• _Exercise objective_:
Please copy only the material from the line that has "Exquisite moon shaped" to the very last line, both ends included, exactly as written and without pictures.

• _Data for review_:
───

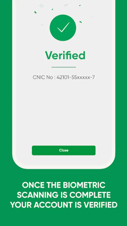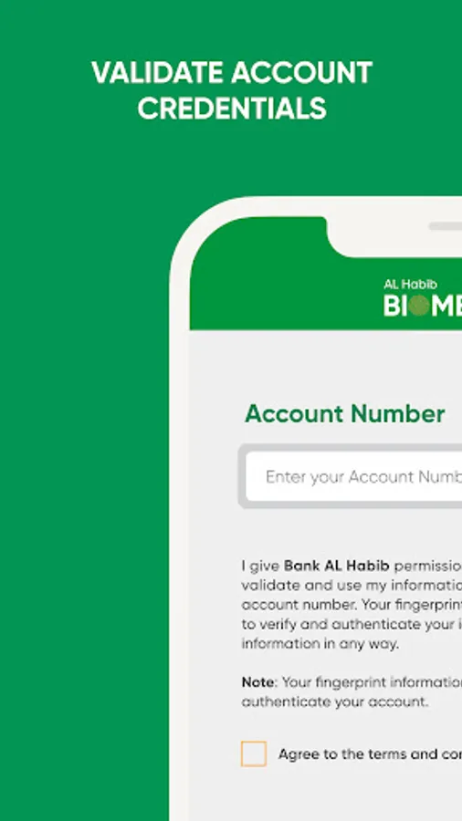 Enter the Account Number and use the camera in your mobile device to scan your fingerprints and submit them for verification. The biometric verification process will be completed in a few minutes after which you can successfully continue operating your AL Habib Digital Account.
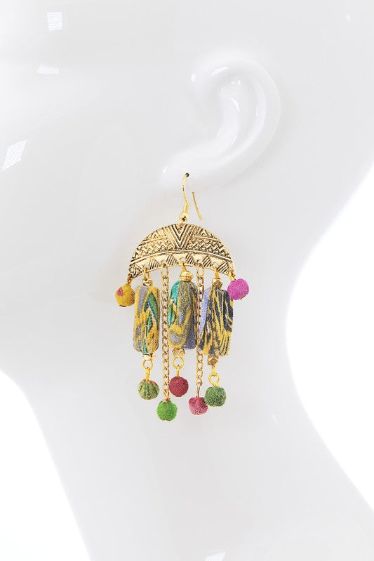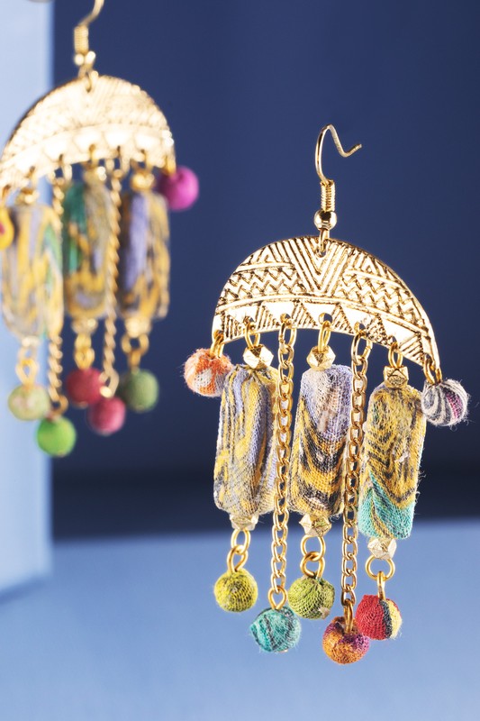 Exquisite moon shaped brass earrings with hand-wrapped cotton beaded accents
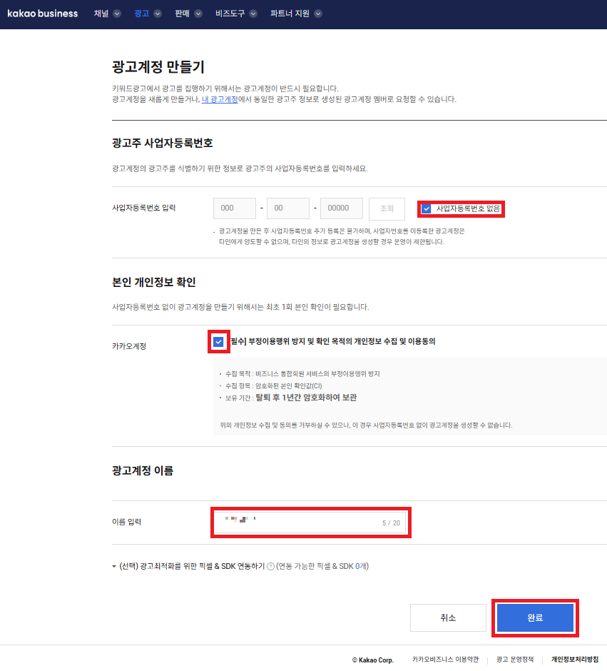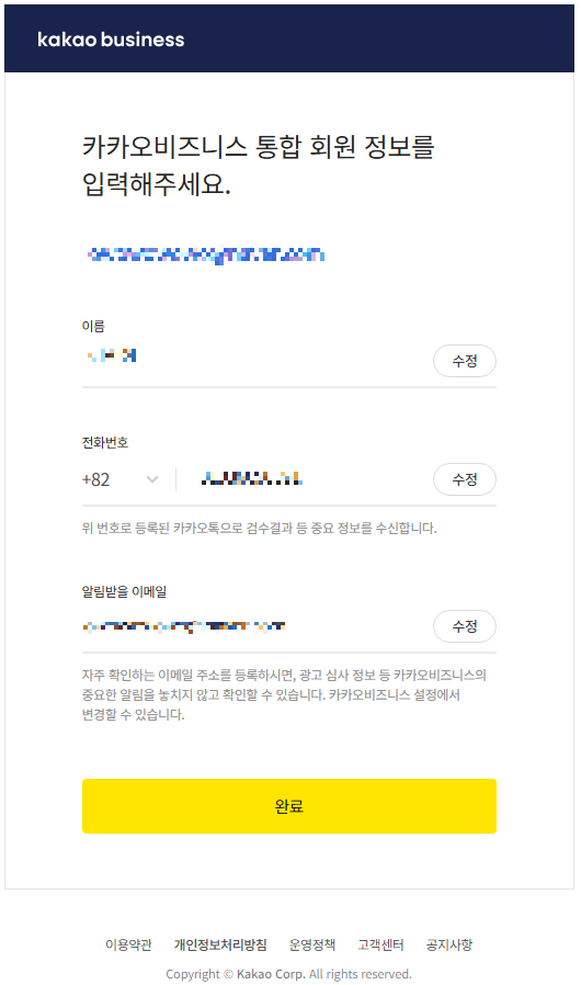 카카오 비즈니스 통합 회원 정보 입력하고 완료 버튼 클릭.
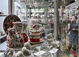 Выставка-ярмарка народных художественных промыслов и ремесел "Ладья" в Центральном выставочном комплексе (ЦВК) "Экспоцентр". Жанровая фотография. Фарфоровый сервиз в витрине и посетители выставки.
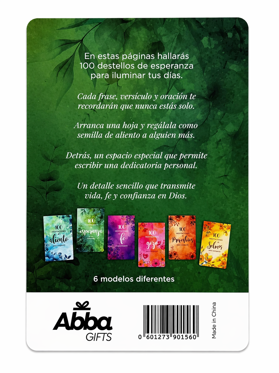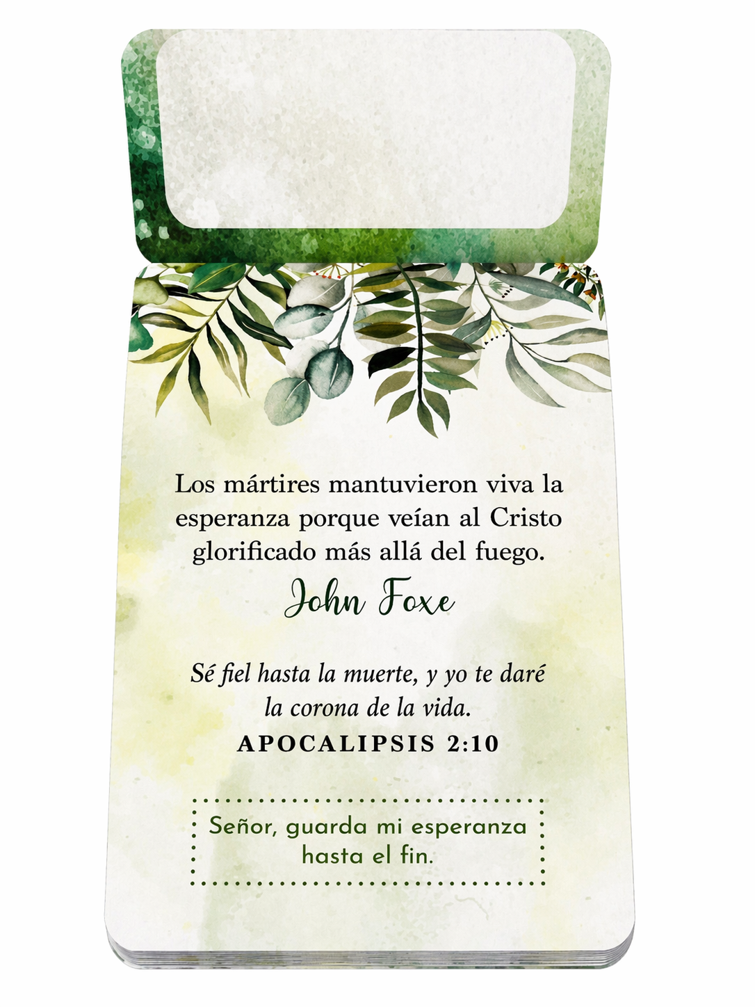 Gracias a sus páginas arrancables en formato 110 x 170 mm, podrás compartir fácilmente mensajes de esperanza con familiares, amigos o cualquier persona que necesite recordar que Dios sigue obrando. Recibe cada día una nueva esperanza… y compártela.

───

• _Result of this task_:
 Exquisite moon shaped brass earrings with hand-wrapped cotton beaded accents
 카카오 비즈니스 통합 회원 정보 입력하고 완료 버튼 클릭.
 Выставка-ярмарка народных художественных промыслов и ремесел "Ладья" в Центральном выставочном комплексе (ЦВК) "Экспоцентр". Жанровая фотография. Фарфоровый сервиз в витрине и посетители выставки.
 Gracias a sus páginas arrancables en formato 110 x 170 mm, podrás compartir fácilmente mensajes de esperanza con familiares, amigos o cualquier persona que necesite recordar que Dios sigue obrando. Recibe cada día una nueva esperanza… y compártela.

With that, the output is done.